• [Data records]
○ ○ ○ ○ ○ ○ ○
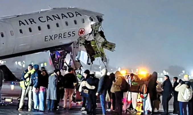 ಕೆನಡಾದಿಂದ ಆಗಮಿಸಿದ ಏರ್ ಕೆನಡಾ ಎಕ್ಸ್ಪ್ರೆಸ್ (Air Canada Express) ವಿಮಾನವು ರನ್ವೇಯಲ್ಲಿ ಚಲಿಸುತ್ತಿದ್ದ ಅಗ್ನಿಶಾಮಕ ದಳದ ವಾಹನಕ್ಕೆ ನೇರವಾಗಿ ಡಿಕ್ಕಿ ಹೊಡೆದಿದೆ. ಈ ಘಟನೆಯಲ್ಲಿ ಹಲವು ಪ್ರಯಾಣಿಕರು ಹಾಗೂ ಸಿಬ್ಬಂದಿ ಗಾಯಗೊಂಡಿದ್ದಾರೆ ಎಂದು ವರದಿಯಾಗಿದೆ.
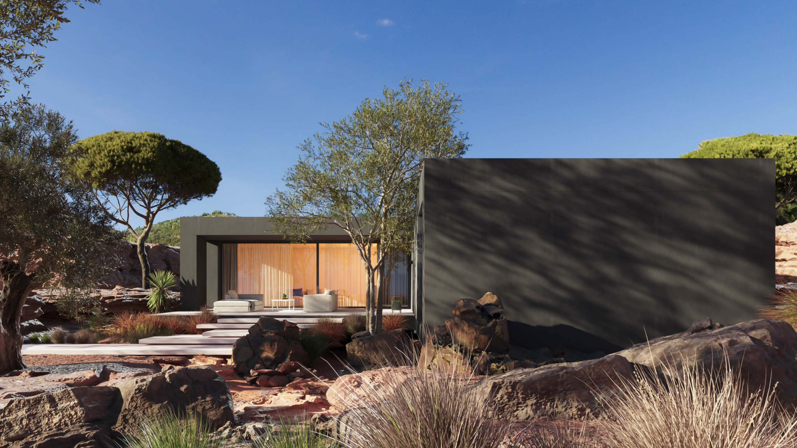 El volumen se diseña volcando todos los espacios nobles de la vivienda hacia el jardín y la piscina, creando una zona de porche vinculada a estos que permite disfrutar de un espacio de sombra en el exterior. La conexión visual con el jardín es directa desde todos los puntos de la vivienda, creando una relación exterior-interior excepcional y enfatizando la sensación de amplitud.
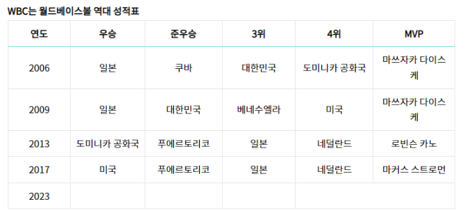 대한민국은 2006년부터 시작한 WBC에서 2009년, 2013년, 2017년 4번 모두 참가하였으며, 아래와 같은 성적을 거두었습니다.
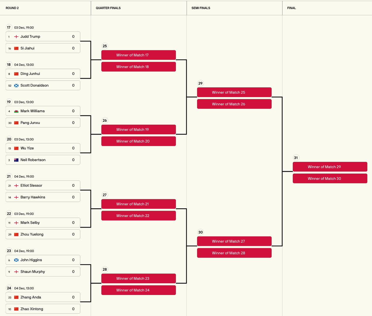 Мэргэжлийн снукер биллиардын "UK Championship" тэмцээний шөвгийн 16 тамирчин бүрдлээ.
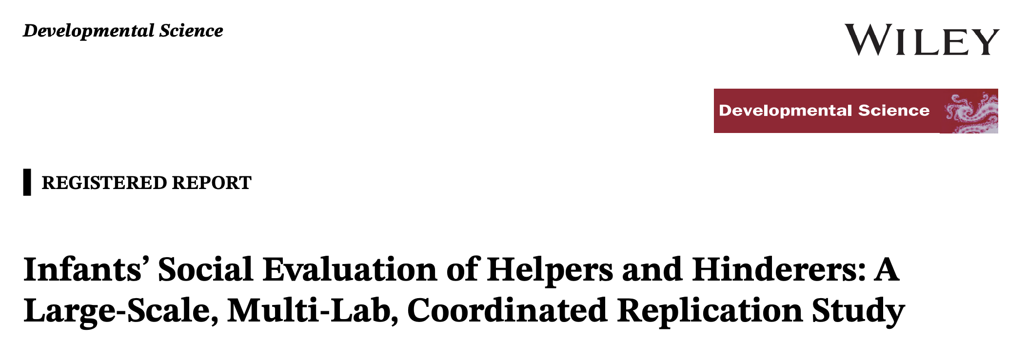 We present a preregistered, multi-laboratory, standardized study aimed at replicating infants’ preference for Helpers over Hinderers.
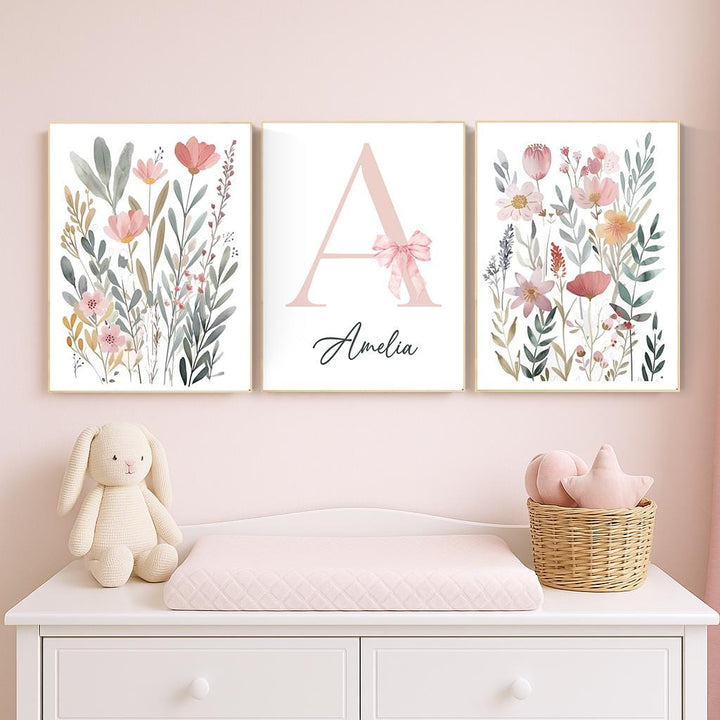 Personalized Floral Nursery Art Set: Baby Girl Room Decor with Pink Bow
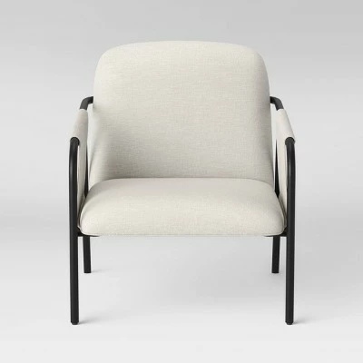 Add both comfort and elegance to your home with this Faison Linen and Metal Sling Accent Chair from Threshold™. Its occasional style and upholstered seating are perfect for adding a laid-back aesthetic to your living space. Its cream color matches all furniture and decor color palettes, and the Faison linen fabric is embellished with a beautiful tattersall checkered texture.
○ ○ ○ ○ ○ ○ ○
• [Aim of the exercise]
Copy the records above precisely, and leave every image out of the copy.

• [Answer to the problem]
 ಕೆನಡಾದಿಂದ ಆಗಮಿಸಿದ ಏರ್ ಕೆನಡಾ ಎಕ್ಸ್ಪ್ರೆಸ್ (Air Canada Express) ವಿಮಾನವು ರನ್ವೇಯಲ್ಲಿ ಚಲಿಸುತ್ತಿದ್ದ ಅಗ್ನಿಶಾಮಕ ದಳದ ವಾಹನಕ್ಕೆ ನೇರವಾಗಿ ಡಿಕ್ಕಿ ಹೊಡೆದಿದೆ. ಈ ಘಟನೆಯಲ್ಲಿ ಹಲವು ಪ್ರಯಾಣಿಕರು ಹಾಗೂ ಸಿಬ್ಬಂದಿ ಗಾಯಗೊಂಡಿದ್ದಾರೆ ಎಂದು ವರದಿಯಾಗಿದೆ.
 El volumen se diseña volcando todos los espacios nobles de la vivienda hacia el jardín y la piscina, creando una zona de porche vinculada a estos que permite disfrutar de un espacio de sombra en el exterior. La conexión visual con el jardín es directa desde todos los puntos de la vivienda, creando una relación exterior-interior excepcional y enfatizando la sensación de amplitud.
 대한민국은 2006년부터 시작한 WBC에서 2009년, 2013년, 2017년 4번 모두 참가하였으며, 아래와 같은 성적을 거두었습니다.
 Мэргэжлийн снукер биллиардын "UK Championship" тэмцээний шөвгийн 16 тамирчин бүрдлээ.
 We present a preregistered, multi-laboratory, standardized study aimed at replicating infants’ preference for Helpers over Hinderers.
 Personalized Floral Nursery Art Set: Baby Girl Room Decor with Pink Bow
 Add both comfort and elegance to your home with this Faison Linen and Metal Sling Accent Chair from Threshold™. Its occasional style and upholstered seating are perfect for adding a laid-back aesthetic to your living space. Its cream color matches all furniture and decor color palettes, and the Faison linen fabric is embellished with a beautiful tattersall checkered texture.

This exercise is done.